# Co Clare Wild Camping



## Telrac (Jun 26, 2010)

Has anyone tried the wildcamping spot at Killaloe Co Clare or any others in that rough area? Heading down this afternoon for long weekend to see family in Limerick but don't want to stay in the city. All comments much appreciated!! (we're still quite new to this!)


----------



## havingfun (Oct 31, 2007)

*co.clare wild camping*

hi,

thought i reconised the name of the town,we put a wild camping spot on the map for killaloe,and we need to upgrade it because we found this time you can also park across the river in ballina.

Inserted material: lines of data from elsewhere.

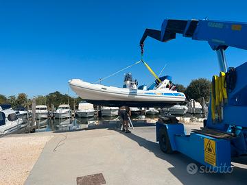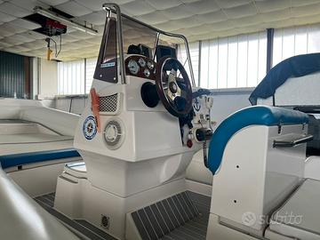 Stingher 606 XS - anno 2004, motore Suzuki 175 CV (2006, 700 ore). Imbarcazione sempre rimessata al coperto in capannone. Utilizzata in acqua esclusivamente per due stagioni estive, successivamente sempre alata in giornata. Manutenzione: * Cuscineria rifatta nel 2022 * Timoneria idraulica sostituita nel 2024 * Ultimo tagliando motore eseguito il 09/06/2025 Dotazioni: * Tendalino su misura con prolunga fino a prua * Carrello incluso (valore 3000?) * Dotazioni di bordo Lunghezza fuori tutto 6,30 m, larghezza 2,65 m, diametro tubolari 58 cm. Omologato per 10 persone. Imbarcazione pronta all'uso. Disponibile per visione su appuntamento.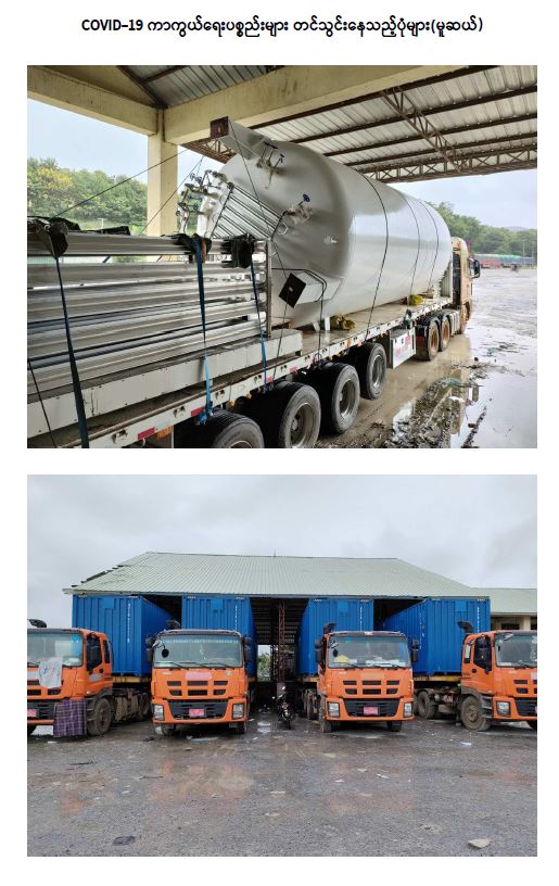 စီးပွားရေးနှင့် ကူးသန်းရောင်းဝယ်ရေးဝန်ကြီးဌာနအနေဖြင့် ကိုဗစ်-၁၉ ရောဂါကာကွယ်၊ ထိန်းချုပ်၊ ကုသရေးဆိုင်ရာ ပစ္စည်းများကို လေကြောင်း၊ ရေကြောင်းနှင့် နယ်စပ်ကုန်သွယ်ရေးစခန်းများမှ အဆင်ပြေချောမွေ့စွာ တင်သွင်းနိုင်ရေး အတွက် အချိန်နှင့်တပြေးညီ စီစဉ်ဆောင်ရွက်ပေး လျက်ရှိရာ ယနေ့တွင် ရန်ကုန်အပြည်ပြည်ဆိုင်ရာလေဆိပ်၊ ဆိပ်ကမ်း များနှင့် မူဆယ်၊ မြဝတီနှင့် ချင်းရွှေဟော် နယ်စပ်ကုန်သွယ်ရေးစခန်း(၃)ခုတို့မှ တင်သွင်းရာ၌ ကုမ္ပဏီ()ခုမှ ယာဉ်စီးရေ (၁၇)စီးဖြင့် အောက်ဆီဂျင်အရည် Browser ယာဉ်(၂)စီးဖြင့် တန်(၄၀)၊ အောက်ဆီဂျင် (အိုးခွံ) (၃၈၆၇) ခု၊ Oxygen Plant (၅၅)ခု၊ အိမ်သုံး Oxygen Concentrator (၁၈၀) ခုနှင့် နှာခေါင်းစည်း (Mask) (၂၄) တန် တင်သွင်းခဲ့သည်။ အောက်ဆီဂျင် အရည် Browser ယာဉ်(၂)စီးမှာ ရန်ကုန်မြို့သို့ ဖြစ်ပြီး Oxygen Plant (၅၅) ခုမှာ ဆိပ်ကမ်းမှ ရန်ကုန်မြို့သို့ အခု(၅၀) နှင့် မူဆယ်မှ ရန်ကုန်မြို့သို့(၃)ခု၊ သာစည်မြို့ သို့(၁)ခု၊ ချင်းရွှေဟော်မှ ပြင်ဦးလွင်မြို့သို့ (၁)ခုဖြစ်ကြောင်းသိရှိရသည်။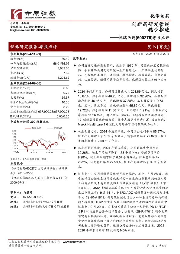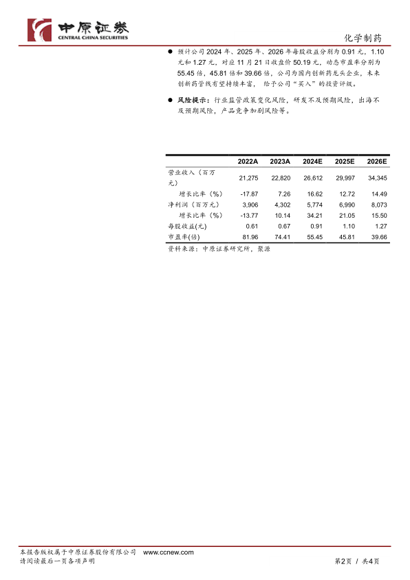 预计公司2024年、2025年、2026年每股收益分别为0.91元,1.10元和1.27元,对应11月21日收盘价50.19元,动态市盈率分别为55.45倍,45.81倍和39.66倍,公司为国内创新药龙头企业,未来创新药管线有望持续丰富,给予公司“买入”的投资评级。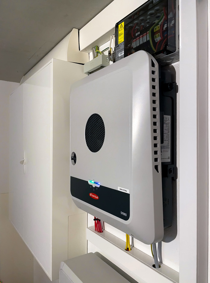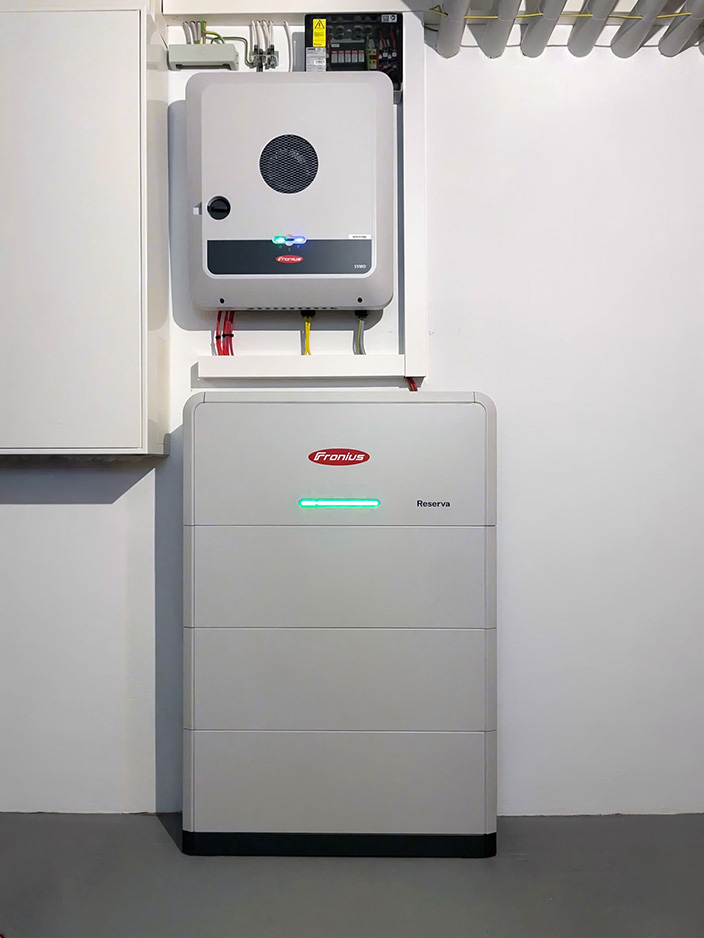 Das große Satteldach mit idealer Südausrichtung bot perfekte Voraussetzungen für eine Photovoltaikanlage. Eine bestehende Solarthermieanlage war bereits installiert – nun wurde das Energiekonzept konsequent erweitert. Ergänzt wird die PV-Anlage durch einen modernen Batteriespeicher, der den tagsüber erzeugten Strom für die Abend- und Nachtstunden verfügbar macht.
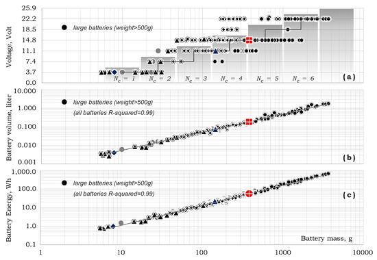 Battery voltage (essentially Volt where is the number of 3.7 Volt cells), volume and energy are well correlated with battery mass as shown in Figure 13. Figure 13a shows rough relation between the number of cells and battery mass that may be approximated as: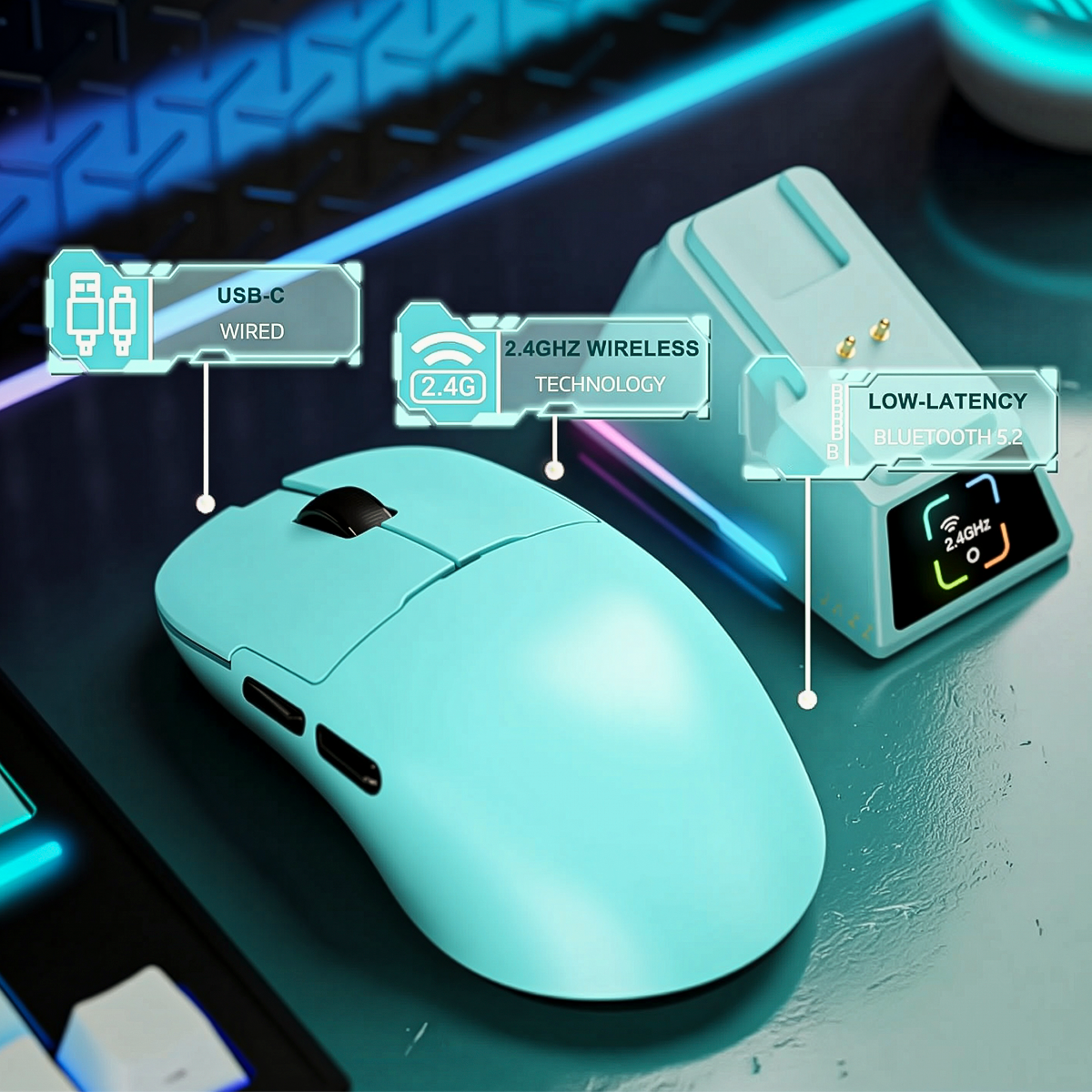 Disfruta de la libertad del modo inalámbrico 2.4 GHz o conecta el cable USB-C para un rendimiento continuo mientras se carga. Cambia fácilmente entre ambos modos y experimenta una conexión rápida, estable y sin interrupciones.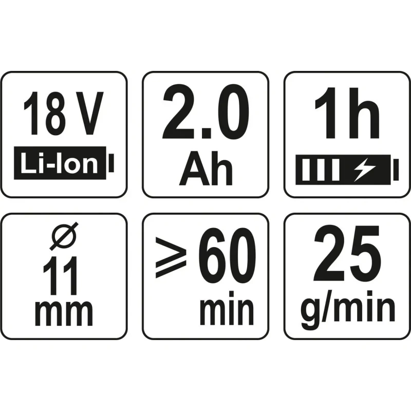 - saadaval olevad varupatareid: 2 Ah ( YT-82842 ), 3 Ah ( YT-82843 ), 4 Ah ( YT-82844 ) ja 6 Ah ( YT-82845 )
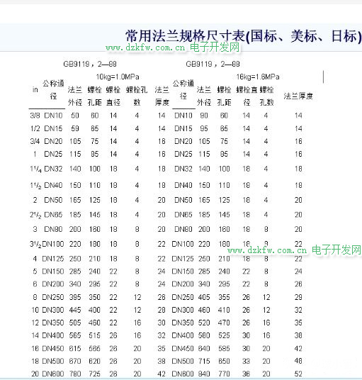 法兰盘在DN150(包括DN150)以下是不分PN10和PN16的,从 DN200开始 PN10的法兰和PN16的法兰在孔径、孔数、法兰盘大小和厚度都有区别,如下表所示: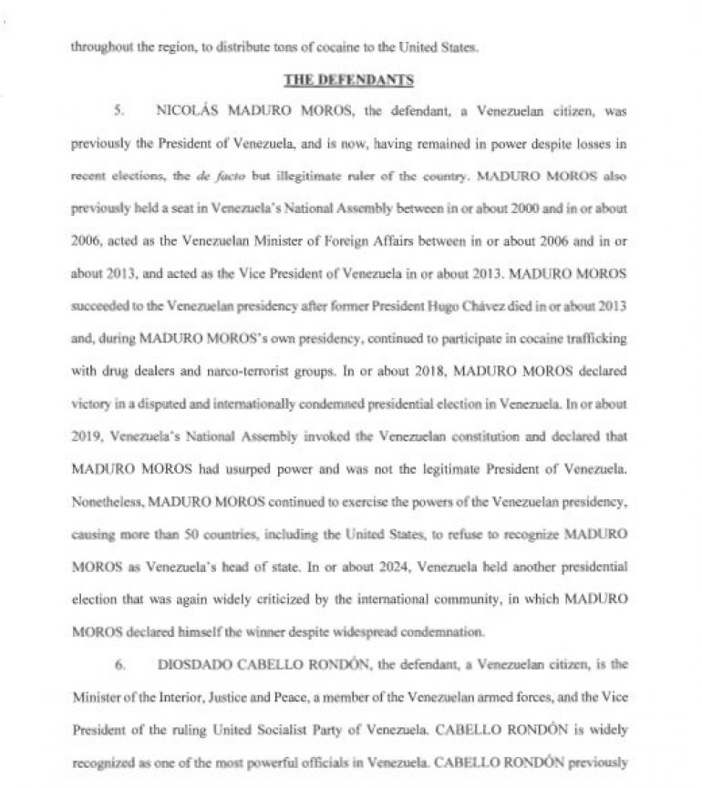 -Nikolas Maduro Moros, optuženi, je na čelu te korupcije i udružio se sa svojim saučesnicima da bi iskoristio svoj nezakonito stečeni autoritet i institucije koje je nagrizao da bi transportovao hiljade tona kokaina u Sjedinjene Države.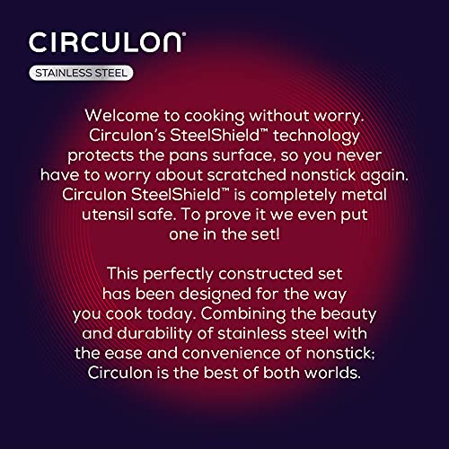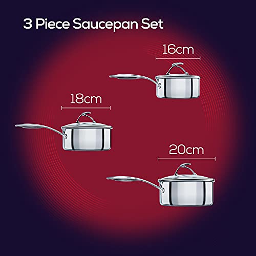 Circulon SteelShield Stainless Steel Saucepan Set of 3 – Induction Suitable Saucepans 16/18/20cm with Hybrid Non Stick, Glass Lids & Stay Cool Handles, Dishwasher Safe Cookware

both spots are along the river,canal when you come over the bridge from ballina,turn sharp left,and at the end of the car park is where all the vans park up,if its full,back over the bridge and turn sharp right,follow down the road until you see the sign for the park,about hundred yards,turn in and there are several places to park.

there is water just over the other side of the bridge,near the tourist office,and a toilet

mags,

p.s. most places will let you park,we have just done another 8weeks,wilding,and had no props anywhere,just ask the locals,so helpful.


----------



## erneboy (Feb 8, 2007)

There are endless places all along that coast, so many we stopped recording them. Just keep turning towards the sea, you can't go wrong, Alan.


----------



## philbre (Nov 13, 2008)

*no prob*

v easy anywhere in the area, have fun


----------



## Telrac (Jun 26, 2010)

Thanks very much everyone - we ended up at the spot in Killaloe for two nights then had a night in Mountshannon wildcamping at the marina which was awesome and I will definately add to the list!


----------